*** Available data
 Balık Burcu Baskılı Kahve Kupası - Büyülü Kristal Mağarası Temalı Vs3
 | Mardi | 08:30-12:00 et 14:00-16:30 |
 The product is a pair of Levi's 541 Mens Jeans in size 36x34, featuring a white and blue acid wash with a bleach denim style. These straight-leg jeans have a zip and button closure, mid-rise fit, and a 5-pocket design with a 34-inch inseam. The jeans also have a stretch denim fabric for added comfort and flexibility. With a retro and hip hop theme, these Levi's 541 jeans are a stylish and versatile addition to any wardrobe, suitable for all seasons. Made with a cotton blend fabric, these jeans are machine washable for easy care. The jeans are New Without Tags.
******
*** Available data
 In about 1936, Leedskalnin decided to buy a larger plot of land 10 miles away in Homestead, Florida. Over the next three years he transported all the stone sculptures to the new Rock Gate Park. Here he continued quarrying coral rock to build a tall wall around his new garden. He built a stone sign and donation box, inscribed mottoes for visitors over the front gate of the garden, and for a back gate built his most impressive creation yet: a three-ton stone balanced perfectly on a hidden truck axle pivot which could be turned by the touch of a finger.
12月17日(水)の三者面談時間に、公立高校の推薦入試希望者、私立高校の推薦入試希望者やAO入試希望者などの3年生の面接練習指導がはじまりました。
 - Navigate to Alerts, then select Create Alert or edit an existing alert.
******
Which lines above run from the one containing "Balık Burcu Baskılı" to the one containing "The product is"? Give them again exactly, both ends included.

 Balık Burcu Baskılı Kahve Kupası - Büyülü Kristal Mağarası Temalı Vs3
 | Mardi | 08:30-12:00 et 14:00-16:30 |
 The product is a pair of Levi's 541 Mens Jeans in size 36x34, featuring a white and blue acid wash with a bleach denim style. These straight-leg jeans have a zip and button closure, mid-rise fit, and a 5-pocket design with a 34-inch inseam. The jeans also have a stretch denim fabric for added comfort and flexibility. With a retro and hip hop theme, these Levi's 541 jeans are a stylish and versatile addition to any wardrobe, suitable for all seasons. Made with a cotton blend fabric, these jeans are machine washable for easy care. The jeans are New Without Tags.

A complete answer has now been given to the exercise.